• _Try it_: Your answer must be the lines from the one holding "RideSafer Interactive Sizing" through the final line of the entries below, copied exactly, with no pictures.

Data extracted from a collection
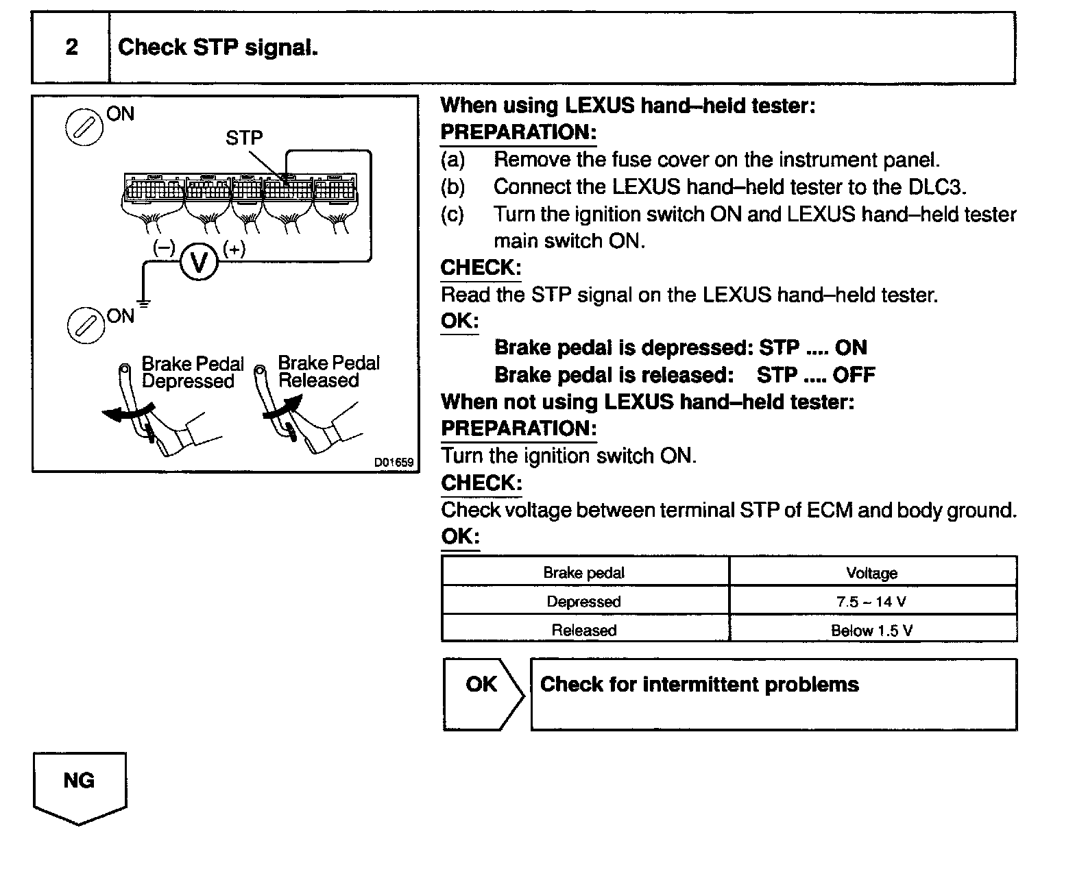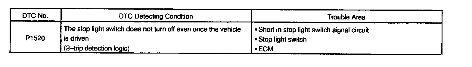 When the brake pedal is operated, this switch sends a signal to ECM. Then the ECM cancels operation of the lock-up clutch while braking is in progress.
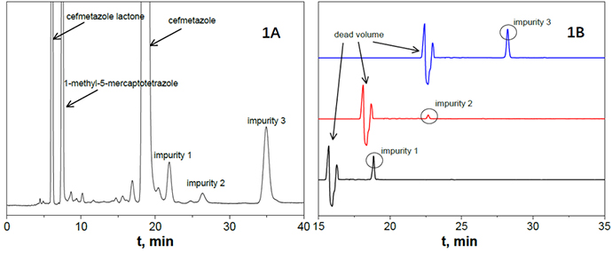 图1 注射用头孢美唑钠热解样品的一维(1A)和3种目标杂质(杂质1-3)的二维(1B)色谱图
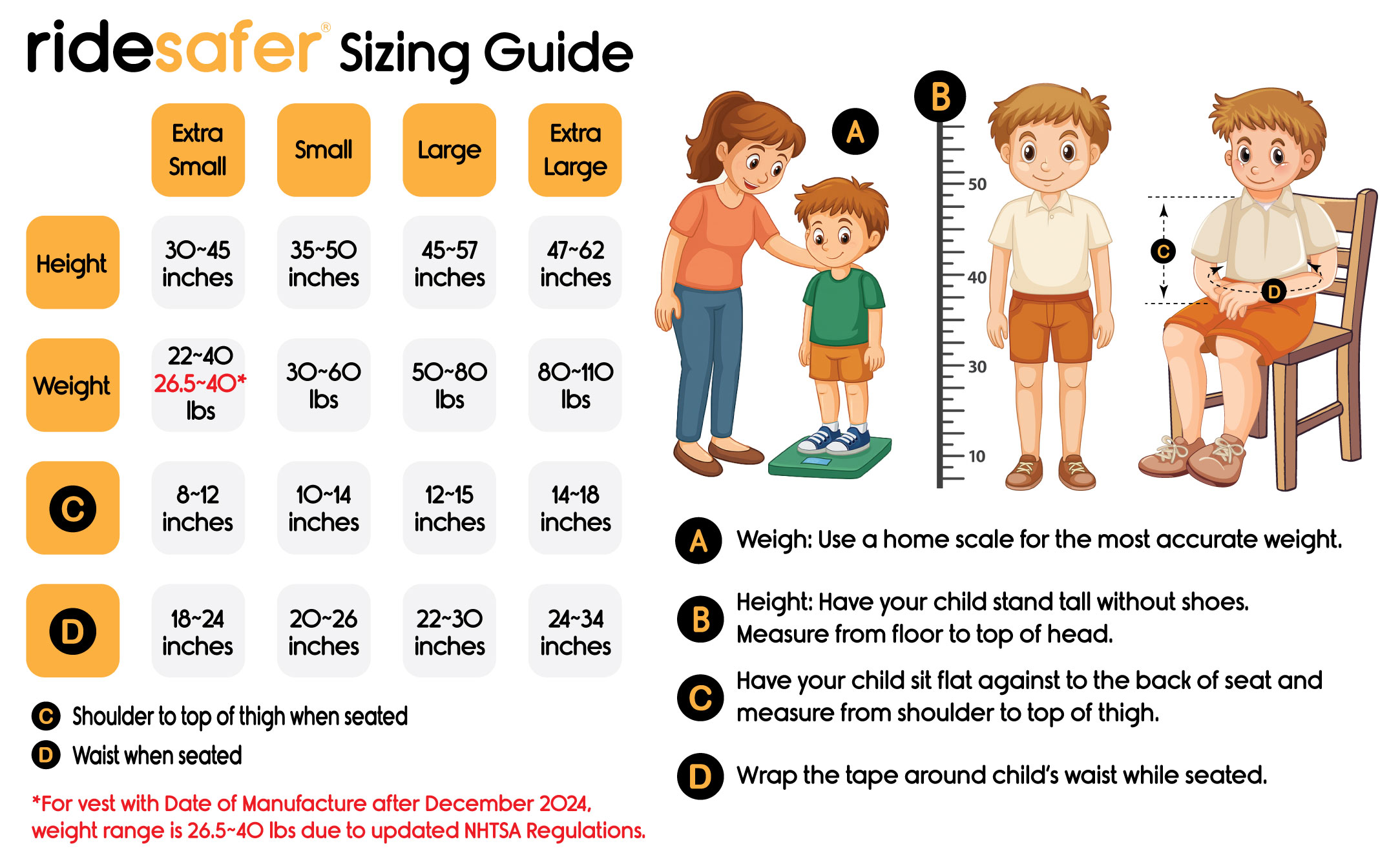 RideSafer Interactive Sizing Tool Child's Age (years): Weight (lbs): Height (inches): Shoulder to Top of Thigh When Seated (inches): Waist When Seated (inches): Calculate Size
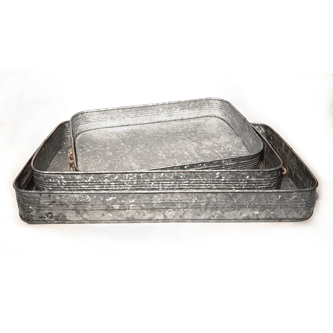 Set di 3 vassoi in zinco, misure: 60x35cm – 50x30cm – 40x25cm
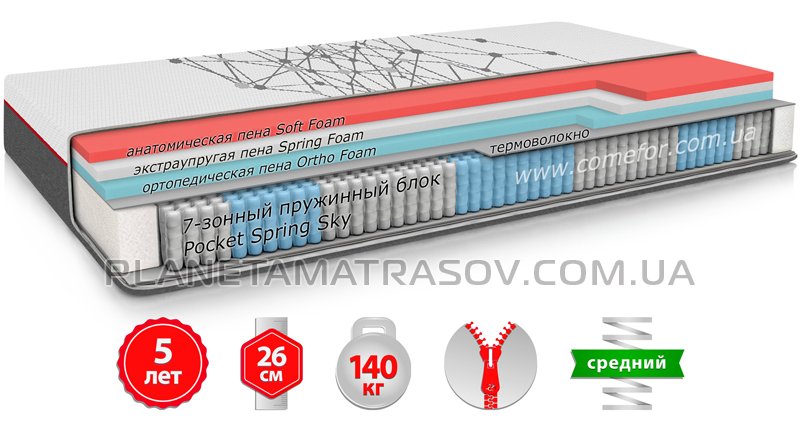 - Тип пружинного блоку: "Pocket Spring" 7 зон твердості

• _Task result_:
 RideSafer Interactive Sizing Tool Child's Age (years): Weight (lbs): Height (inches): Shoulder to Top of Thigh When Seated (inches): Waist When Seated (inches): Calculate Size
 Set di 3 vassoi in zinco, misure: 60x35cm – 50x30cm – 40x25cm
 - Тип пружинного блоку: "Pocket Spring" 7 зон твердості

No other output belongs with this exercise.